When work separates mothers and babies, everyone pays the price

Mothers are encouraged to breastfeed, yet too often expected to do so within work systems built around separation. If we want to improve breastfeeding rates, those systems must change – through stronger legislation on workplace responsibilities, flexible working, and care arrangements that allow mothers and babies to stay together

GenderGlobal

The Belgian MEP, Sara Matthieu, breastfeeds her baby on the train to the European Parliament in Strasbourg. Earlier this year, European electoral law was amended to allow proxy voting for MEPs, who are pregnant or in early motherhood. © Sara Matthieu

(This article uses the terms “mothers” and “breastfeeding” for clarity, reflecting common usage, but recognises that parents define their identities and caregiving in diverse ways. While not all parents are able or choose to breastfeed, enabling responsive caregiving – including supporting closeness between caregivers and infants – is essential for all children’s wellbeing, and experiences of separation can vary widely.)
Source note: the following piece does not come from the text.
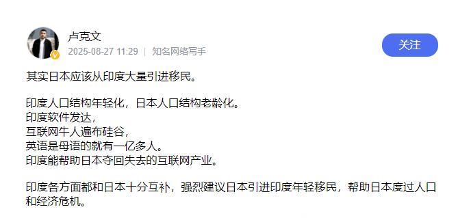 [太阳]著名大V卢克文:强烈建议日本引进印度年轻移民,帮助日本度过人口和经济危机,本以为会遭到全网群嘲,没想到网友们的评论却让人笑不活了! 日本老龄化问题是非常严重的,严重到什么程度,就这么说吧,前些年一位日本教授就这个问题作出回应,他竟然说老年人可以集体自杀,一起切腹,更令人没想到的是,竟然会有众多日本网友支持他的言论。 为此卢克文表示可以让日本引进印度年轻人来化解这场危机,主要是现在日本因为老龄化问题导致经济效益不太好,而刚巧印度这边软件比较厉害,两者可以柔和一下,让印度年轻人帮日本重拾互联网。 有网友认为,这简直就是锦上添花,太互补了,日本人太清净,印度人带来热闹,日本人喜欢捡垃圾,印度人带来充足货源,日本做饭团太干,印度配上糊糊。

In a tribal village in India my colleague rushed to the school door, smoothed her sari, and gently passed her baby to the school cook, who settled at the back of the classroom with wooden blocks. She strode to the front. The children stood to greet her in unison, ready for maths.

Across the world, the picture often looks very different. A mother stands on a train, pulled further away from the baby her body and mind are wired to stay close to. She worries through the day – will he take her expressed milk? What will this separation mean for him? Breastfeeding is far more than milk – it is comfort, regulation, immunity and bond. Yet, as workplaces demand presence, it is treated as something that can be scheduled, replaced, or quietly dropped.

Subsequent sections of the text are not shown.